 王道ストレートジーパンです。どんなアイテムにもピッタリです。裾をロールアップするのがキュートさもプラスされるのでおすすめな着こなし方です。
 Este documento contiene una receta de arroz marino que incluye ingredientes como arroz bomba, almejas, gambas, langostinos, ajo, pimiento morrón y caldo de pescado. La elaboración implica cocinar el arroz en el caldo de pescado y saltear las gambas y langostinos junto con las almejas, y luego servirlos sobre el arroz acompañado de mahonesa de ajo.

* * *

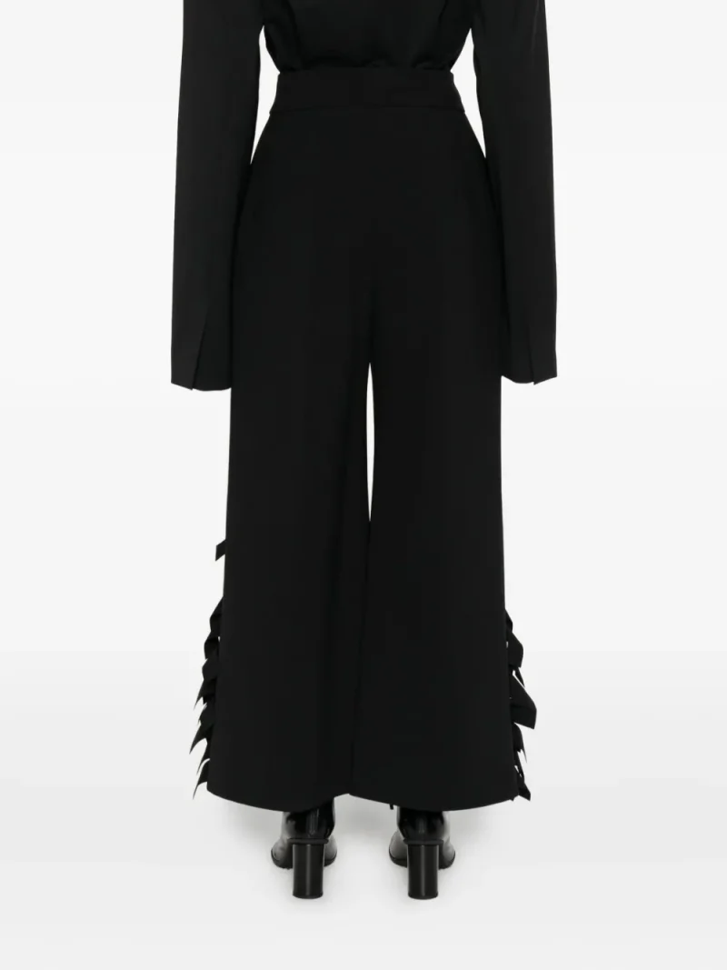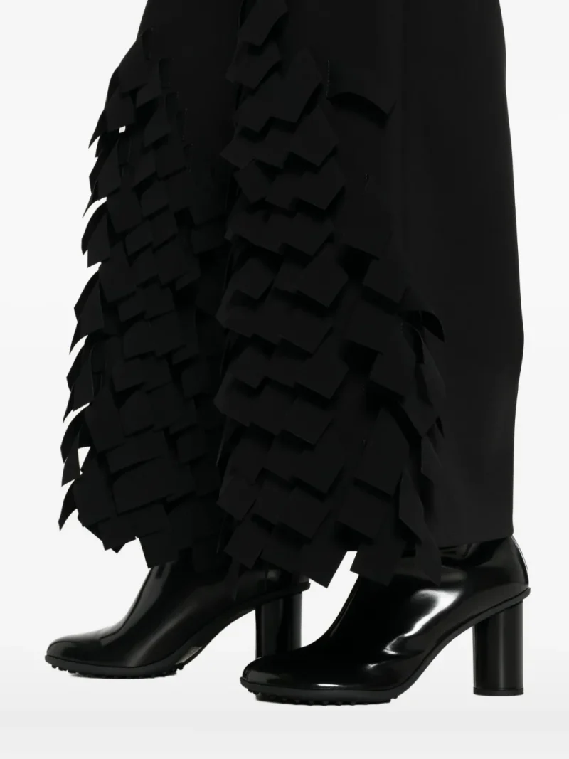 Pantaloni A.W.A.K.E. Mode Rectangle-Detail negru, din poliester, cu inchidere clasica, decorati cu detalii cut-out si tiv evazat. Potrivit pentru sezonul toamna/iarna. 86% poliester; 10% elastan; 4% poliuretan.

--

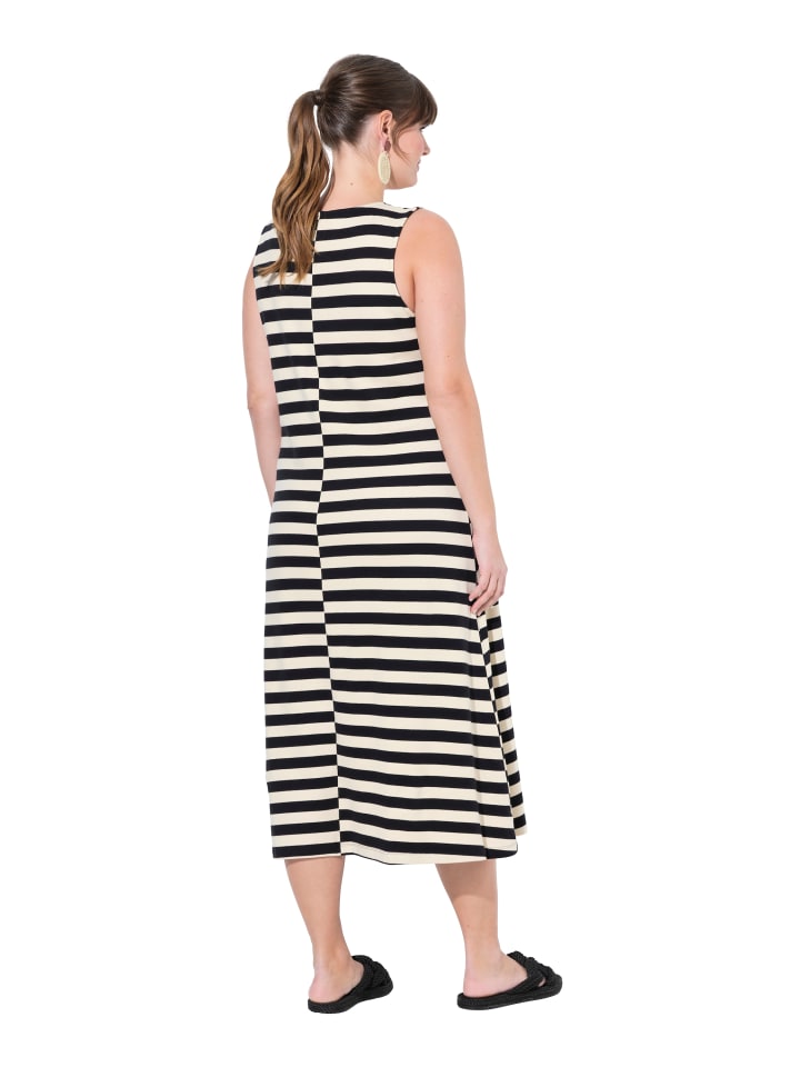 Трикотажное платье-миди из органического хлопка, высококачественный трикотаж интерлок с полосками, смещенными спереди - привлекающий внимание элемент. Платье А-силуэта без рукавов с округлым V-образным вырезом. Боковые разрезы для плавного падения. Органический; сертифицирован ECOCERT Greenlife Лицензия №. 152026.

What is required
Above is a listing; print exactly its lines from the one with "王道ストレートジーパンです。" through the one with "Este documento contiene", and no other lines.

Result of the task
 王道ストレートジーパンです。どんなアイテムにもピッタリです。裾をロールアップするのがキュートさもプラスされるのでおすすめな着こなし方です。
 Este documento contiene una receta de arroz marino que incluye ingredientes como arroz bomba, almejas, gambas, langostinos, ajo, pimiento morrón y caldo de pescado. La elaboración implica cocinar el arroz en el caldo de pescado y saltear las gambas y langostinos junto con las almejas, y luego servirlos sobre el arroz acompañado de mahonesa de ajo.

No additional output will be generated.